* [Aim of the task]: Omit the pictures and copy the entries exactly.

* [Data for this task]:
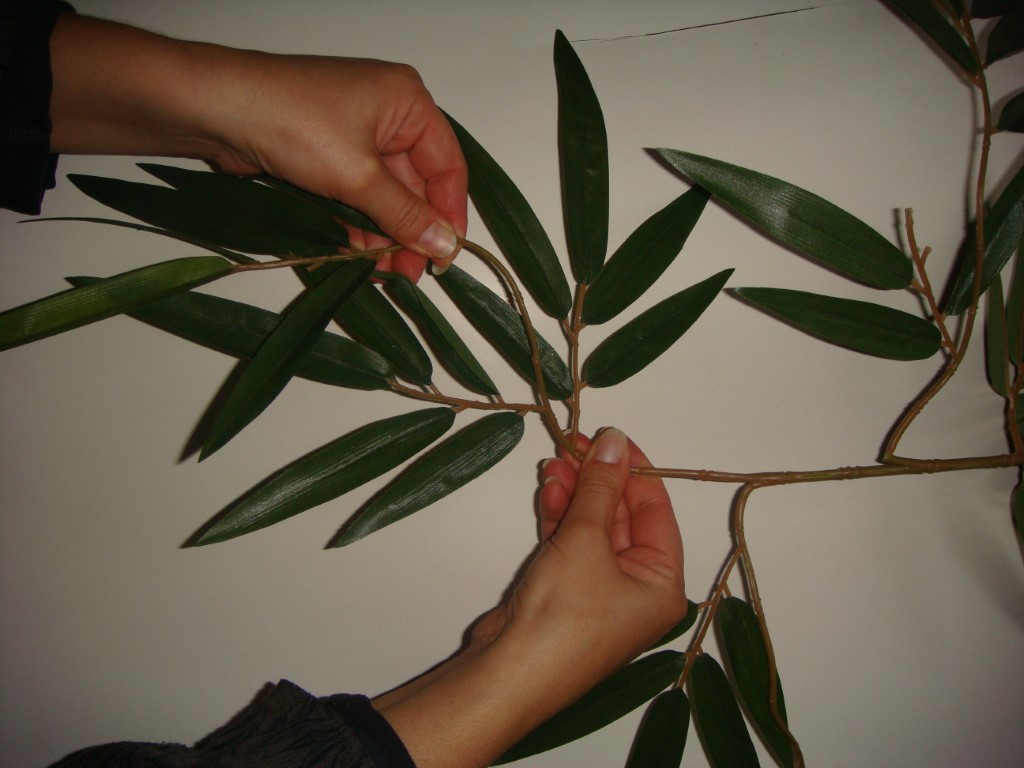 Il est très important de bien ouvrir les tiges feuillues avant de les installer, pour leur donner un mouvement naturel. N’hésitez pas à prendre le temps pour mettre en forme les feuillages, l’esthétique et votre satisfaction en dépendent. Les ramifications sont en tiges armées, vous pouvez donc les manipuler délicatement, tout en faisant attention à rester dans le sens de leur insertion dans la branche afin de ne pas les abîmer.
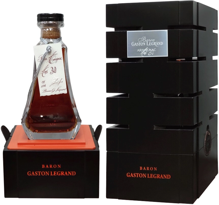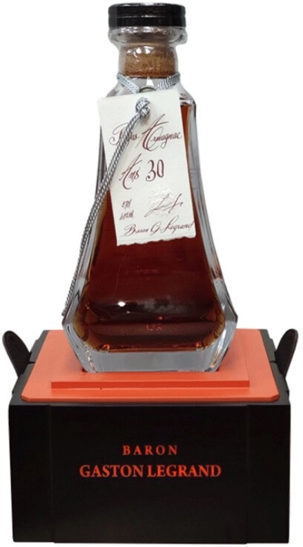 Baron G. Legrand, 30 ans, Bas Armagnac — благородный арманьяк, выдержанный в бочках из гасконского дуба не менее 30 лет. В производстве арманьяка используется 100% дистиллят виноградного вина. Арманьяк обладает удивительно мягким, сбалансированным вкусом и насыщенным ароматом. Арманьяк разливается в хрустальный графин "Elusa" и продается в элегантном ларце. Такой изысканный напиток, как "Барон Г. Легран" 30-летний с уникальным дизайном упаковки, придуманным и разработанным самой мадам Леро, всегда будет желанным подарком на любой праздник, а также позволит приобщиться к традициям легендарной земли.
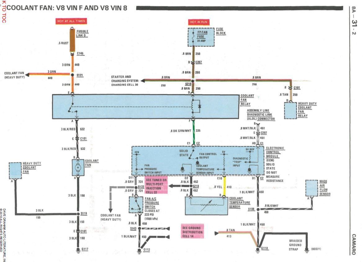 It's a 1986 Camaro IROC Z, 305 TPI, Van does not work (which is why it over heated in traffic), Front Air Dam is on the car, as far as i know my new lower radiator hose works (It's a Gates, a Dayco was on the car when I brought it. The spring house was long gone) and as far as I can tell the Water Pump works. (It spins fine and comes on).
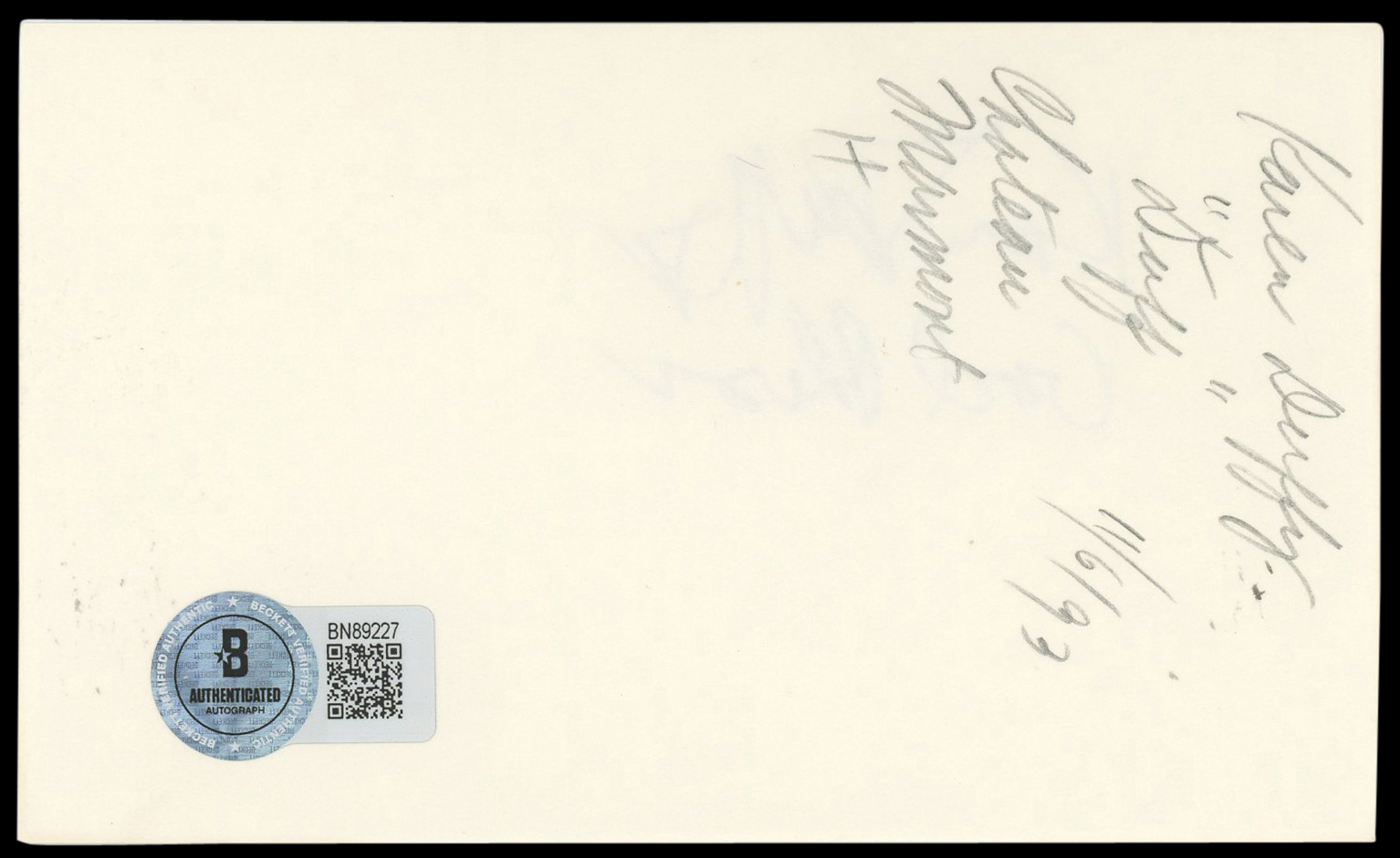 Karen Duffy Dumb and Dumber "God Bless" Signed 3x5 Index Card BAS #BN89227
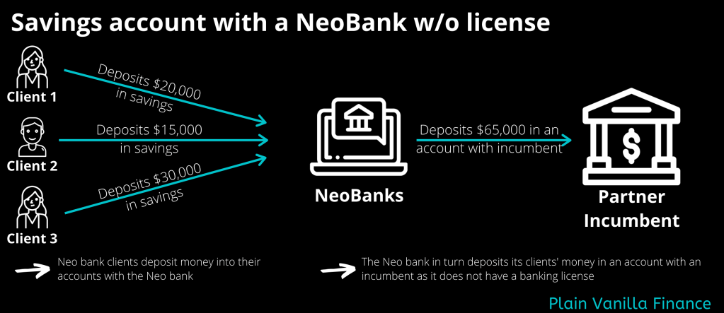 Neo banks are fully digital banks that have no physical presence. They connect with customers via mobile apps and web platforms. Depending on what license (or lack thereof) they possess, Neo banks provide a range of services – traditional banking services such as current account, savings account, different loans, money transfers and tech-enabled services such as API linking, analytics, mobile apps. Neo banks may also partner with an incumbent to make up for lack of license as shown in figure 1.
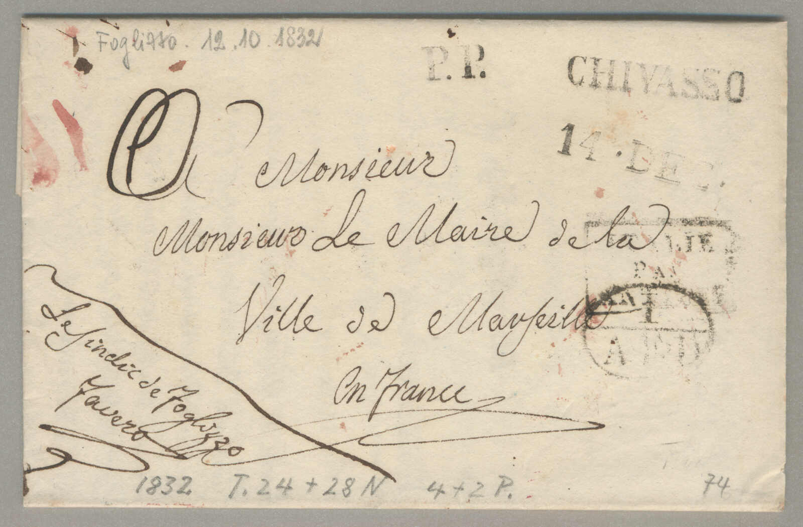 1832, with neatly strike of Chivasso, on folded letter, ex Provera, XF! Estimate 80€. (Image) (imagea)

* [The answer]:
 Il est très important de bien ouvrir les tiges feuillues avant de les installer, pour leur donner un mouvement naturel. N’hésitez pas à prendre le temps pour mettre en forme les feuillages, l’esthétique et votre satisfaction en dépendent. Les ramifications sont en tiges armées, vous pouvez donc les manipuler délicatement, tout en faisant attention à rester dans le sens de leur insertion dans la branche afin de ne pas les abîmer.
 Baron G. Legrand, 30 ans, Bas Armagnac — благородный арманьяк, выдержанный в бочках из гасконского дуба не менее 30 лет. В производстве арманьяка используется 100% дистиллят виноградного вина. Арманьяк обладает удивительно мягким, сбалансированным вкусом и насыщенным ароматом. Арманьяк разливается в хрустальный графин "Elusa" и продается в элегантном ларце. Такой изысканный напиток, как "Барон Г. Легран" 30-летний с уникальным дизайном упаковки, придуманным и разработанным самой мадам Леро, всегда будет желанным подарком на любой праздник, а также позволит приобщиться к традициям легендарной земли.
 It's a 1986 Camaro IROC Z, 305 TPI, Van does not work (which is why it over heated in traffic), Front Air Dam is on the car, as far as i know my new lower radiator hose works (It's a Gates, a Dayco was on the car when I brought it. The spring house was long gone) and as far as I can tell the Water Pump works. (It spins fine and comes on).
 Karen Duffy Dumb and Dumber "God Bless" Signed 3x5 Index Card BAS #BN89227
 Neo banks are fully digital banks that have no physical presence. They connect with customers via mobile apps and web platforms. Depending on what license (or lack thereof) they possess, Neo banks provide a range of services – traditional banking services such as current account, savings account, different loans, money transfers and tech-enabled services such as API linking, analytics, mobile apps. Neo banks may also partner with an incumbent to make up for lack of license as shown in figure 1.
 1832, with neatly strike of Chivasso, on folded letter, ex Provera, XF! Estimate 80€. (Image) (imagea)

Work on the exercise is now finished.